Further, the LCD display screen of the external electronic device functions as a user interface or output unit for displaying the processed data received from the electronic stethoscope 10. The software application executing on the external electronic device is configured to display the phonocardiogram in real time after receiving and processing the body sound data through the main control module. The system may further include a data storage module for storing the acquired data and an auxiliary diagnostic module for performing computer-aided diagnosis, thereby enhancing the analytical and clinical utility of the device.

According to some embodiments of the invention, the electronic stethoscope 10 provides options for the end user to use either Bluetooth headset or an application on the electronic device of the user and data diagnosis in both real-time and offline modes. Further, the electronic stethoscope 10 is used in teleconsultation wherein the geolocation and the environmental conditions of the patient are captured during the diagnosis. In order to enhance the effectiveness of the remote healthcare services, the electronic stethoscope 10 is equipped to capture the end user's geolocation data and environmental conditions during the diagnostic process, facilitating diagnosis of the patient, where the healthcare provider is not physically present with the patient. Further, the distance measurements such as between the auscultation points or from anatomical landmarks is recorded. In addition, the geolocation data and environmental conditions of the patient such as location, altitude, temperature, humidity, background noise levels, and air quality etc., are also recorded through various sensors, as they affect the accuracy of the auscultation and are crucial to diagnose the patient.
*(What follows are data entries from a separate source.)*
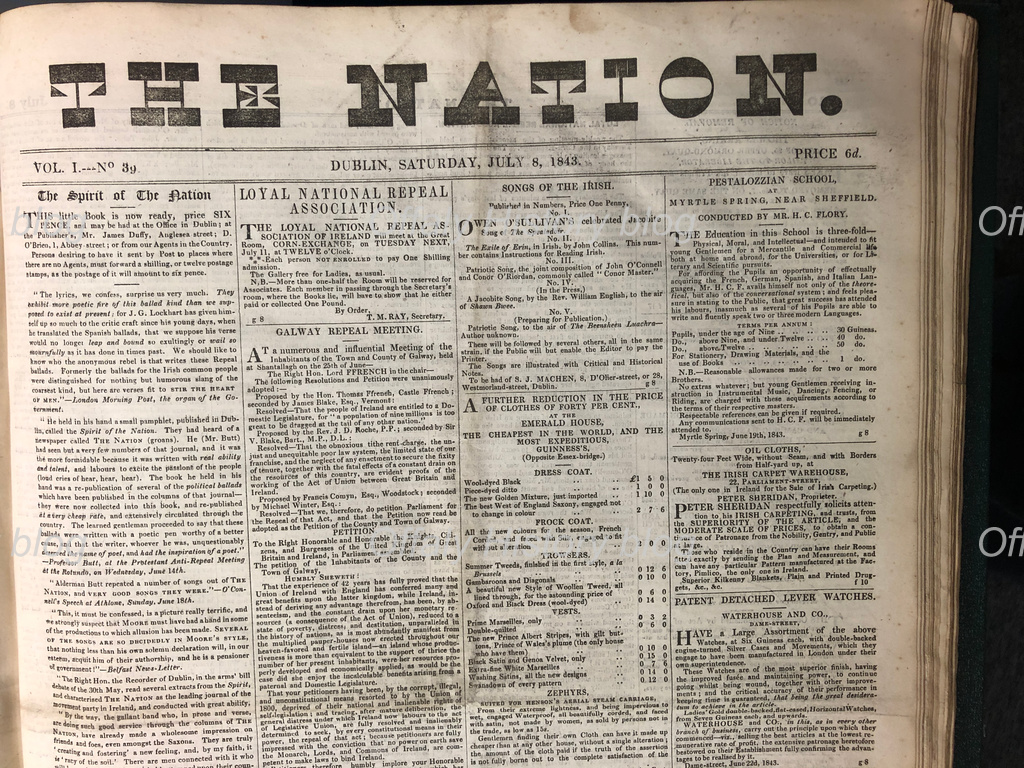 His favoured style of poetry seems to have been lengthy narrative pieces. His earliest publication was the nearly 2,000-line poem ‘Eva O’Connor’, published in 1826 when he was just 22 years old. His conversion to nationalism, evidenced by his support of O’Connell’s Repeal Movement, and Davis’s Young Ireland, moved him to devote his poetic talents to shorter pieces articulating the aspirations of those movements, and giving voice to the sense of grievance commonly felt by Irish people at the time considering the many different ways that Ireland was exploited and mis-governed by the Westminster Government. These political pieces appeared in the nationalist press, in periodicals such as The Nation, The Freeman’s Journal, and several others, and were anthologised in 1845 in Poems for the People, in the introduction to which Frazer frankly acknowledged the political tenor of the collection, and indicated that he hoped it would have a politicising effect on Irish people.
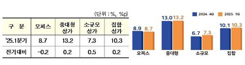 전국 오피스 공실률은 8.7%로 전 분기 대비 0.2% 줄었으며 임대가격지수는 0.44% 상승했다.
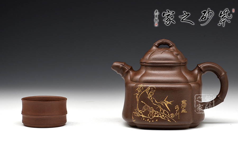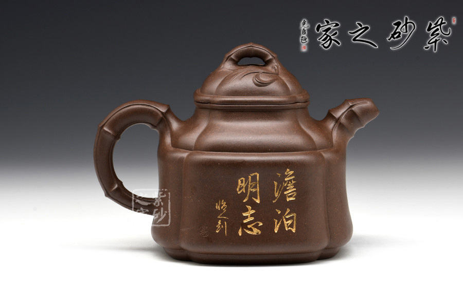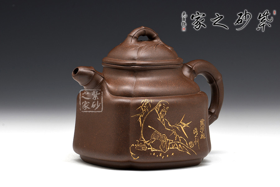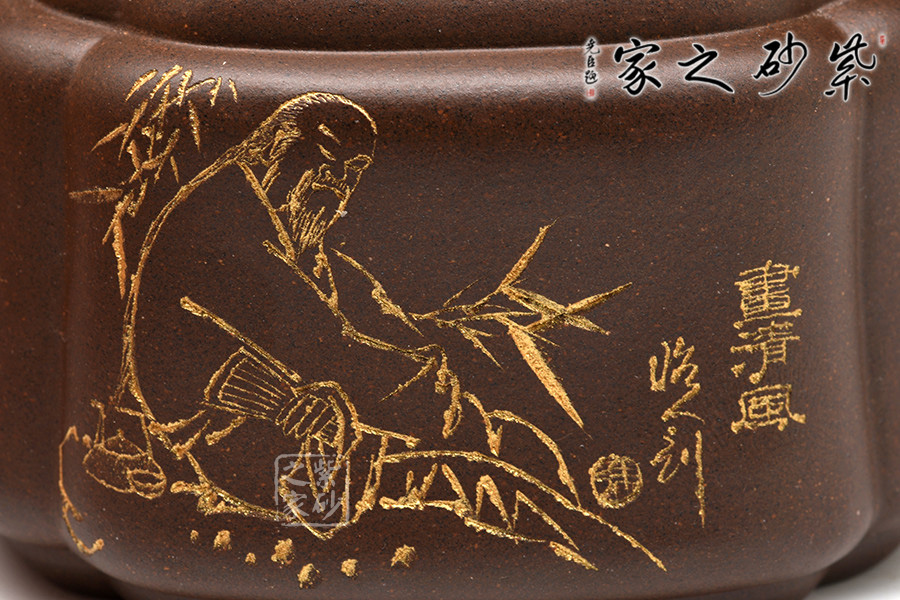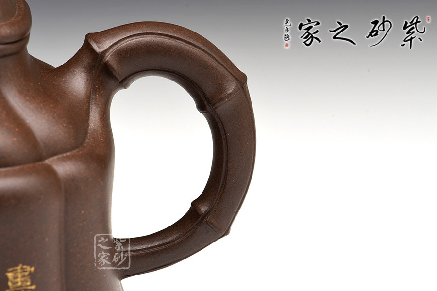 整器以竹為題材,以物抒情,頌竹之品格,贊竹之勁節(jié)。流、紐、把皆塑成竹節(jié)狀,自紐延展出一枝竹葉裝飾壺蓋,蓋與壺身皆作四方隱角,壺身刻繪均以描金裝飾,全器比例均勻,俊秀大方。
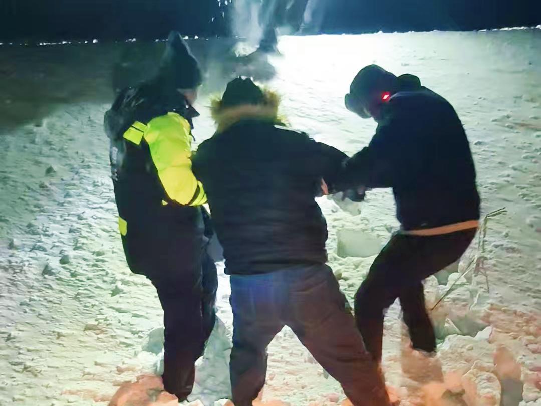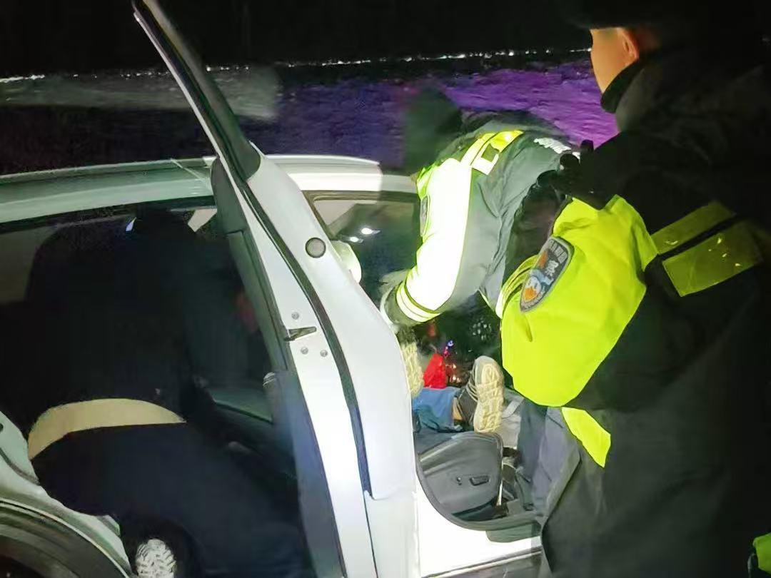 抵達(dá)現(xiàn)場后,民輔警第一時間查看被困人員狀態(tài),通過簡單詢問,確認(rèn)無人員受傷,隨即立刻展開低溫救援,由于溝坡陡滑,常規(guī)救援設(shè)備無法使用。民輔警毫不猶豫地滑下溝底,并迅速從副駕駛展開救援,經(jīng)過不懈努力,十分鐘后成功將被困人員從車內(nèi)救出。隨后,民輔警主動幫助聯(lián)系拖車公司將車輛送至維修廠檢修,并用警車將游客接回派出所安置。抵達(dá)白銀納派出所后,值班輔警遞出早已準(zhǔn)備好的熱水和蛋糕?!皽囟冗_(dá)到零下36℃,手機(jī)凍得即將關(guān)機(jī),還好有人民警察幫忙,不然真的不知道該怎么辦了?!北痪戎罕姼屑さ恼f道。
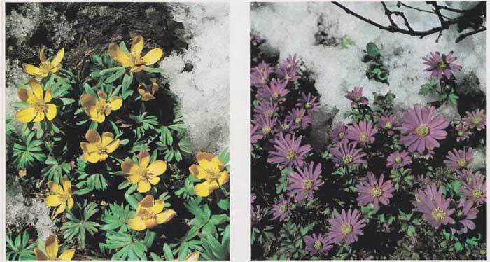 (l) The round cups of winter aconites pop out of the ground by mid-March in bitter-cold climates; (r) Looking like purple-dyed daisies, Greek anemones unfold their petals under the first rays of the March sun.
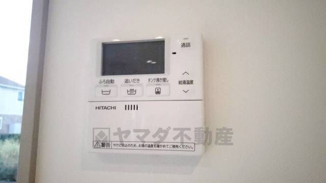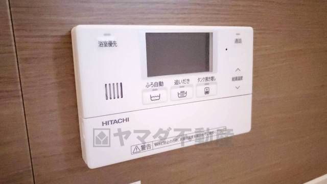 キッチン横からお湯張り、追い炊き、足し湯がボタン一つで楽々操作できる給湯機リモコンです。忙しい夕飯準備の時間帯に重宝しますね。
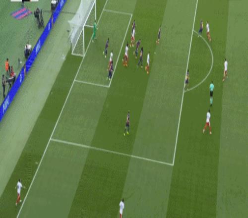 稳住局面的巴萨再展开猛烈攻势,第31分钟,巴萨获得禁区左侧前沿任意球机会,拉什福德操刀主罚大力兜射,BOOM的一声皮球被横梁挡了出来。第38分钟,赫罗纳反击又获得单刀,只是他们把握机会能力实在太差,希尔超级单刀打了飞机。易边再战巴萨继续加强攻势,然而全场爆射31脚的他们迟迟未能把握机会,第50分钟,费尔明禁区弧顶左侧推射被门柱挡出。第70分钟,拉什福德禁区内抢点疑似被雷斯推倒,但主裁没有表示。补时阶段巴萨主帅弗里克不断向主裁抱怨,结果领到红卡一张被罚下场。弗里克这一“祭天”,巴萨2分钟后就抓住机会,补时最后1分钟,巴萨中场中路转移到前场右侧,德容插上突入禁区倒三角回传门前,替补登场没多久的阿劳霍小禁区前沿抢点铲射,皮球飞入球门右下死角,巴萨2:1压哨绝杀赫罗纳。
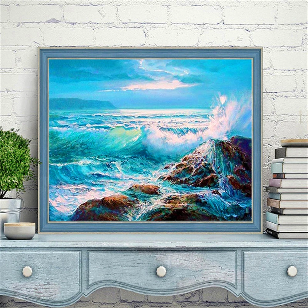 HUACAN Раскраска по номерам морские пейзажи для взрослых DIY рамка краска по номерам море на холсте украшение дома 50х65см
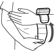 - Așezați manșeta de încheietură peste încheietura mâinii stângi, cu degetul mare stâng orientat în sus.
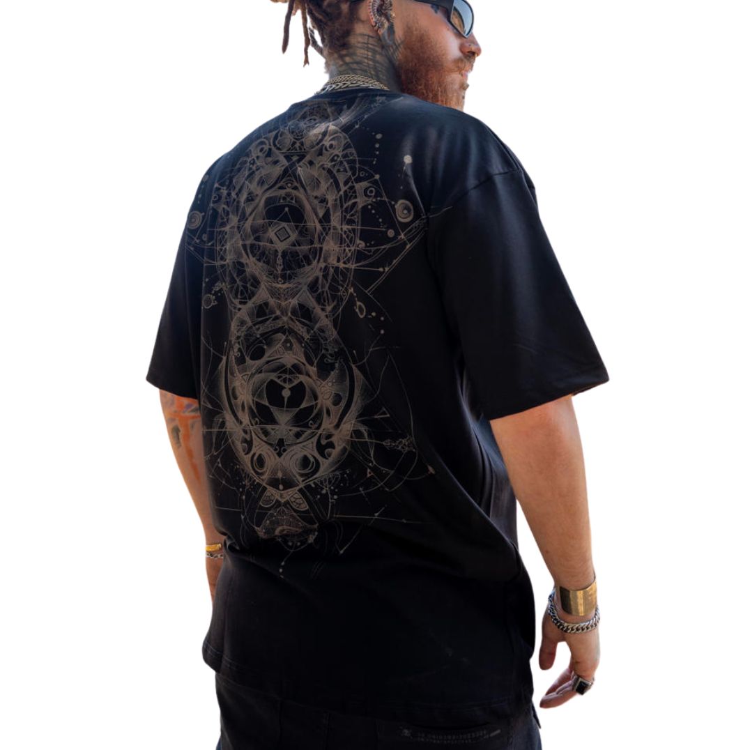 Das Shirt Oversize „Ornament“ Black ist ein visuell fesselndes, übergroßes Drop-Shoulder-Teil, welches ein originelles, psychedelisch inspiriertes Artwork präsentiert. ieses Shirt ist perfekt für alle, die sowohl alternative Mode als auch kreativen Selbstausdruck schätzen, und eignet sich daher ideal für Festivals oder den Alltag auf der Straße.

Additionally, capturing the geolocation data and the environmental conditions along with the audio recording of the electronic stethoscope 10 ensures consistent and repeatable accurate placement of the electronic stethoscope 10. Further, it assists the remote healthcare providers in understanding the usage of the electronic stethoscope 10 during a teleconsultation session. Moreover, is also enables automated mapping of audio recordings to specific anatomical regions. The data facilitates diagnostics and interpretation of the symptoms. The combination of the geolocation data, the environmental conditions during the diagnostic process, combined with the patient data and auscultation audio, creates a comprehensive digital record that enhances the accuracy, repeatability, and documentation quality of remote or in-person diagnostic workflows, improves the accuracy of the remote assessments and enabling the personalized medical advice.

Accordingly, the electronic stethoscope 10 may also accommodate entry of individual profile information such as age, sex, ethnicity, etc. The display screen 33 and the control buttons 34 may be used to navigate questionnaires for simple answers. More complicated answers and background information may be captured via voice notes recorded from the patient or other onsite operator of electronic stethoscope 10. Display screen 33 may provide questions for more in-depth background information and voice notes associated with each question may be recorded.

FIG. 9 is a perspective view of a tribosensor facilitating detection of ultra-sensitive audio, according to an embodiment of the invention. In the embodiment shown in FIG. 9, the sound sensor 41 in the electronic stethoscope 10 may be replaced with the tribosensor 67, wherein the tribosensor 67 comprises a diaphragm 68 for detecting or picking-up the body sounds, piezoelectric material 69 located on the diaphragm 68, a triple layer microcantilever 70, with piezoresistive material 71, connected by aluminum wires 72.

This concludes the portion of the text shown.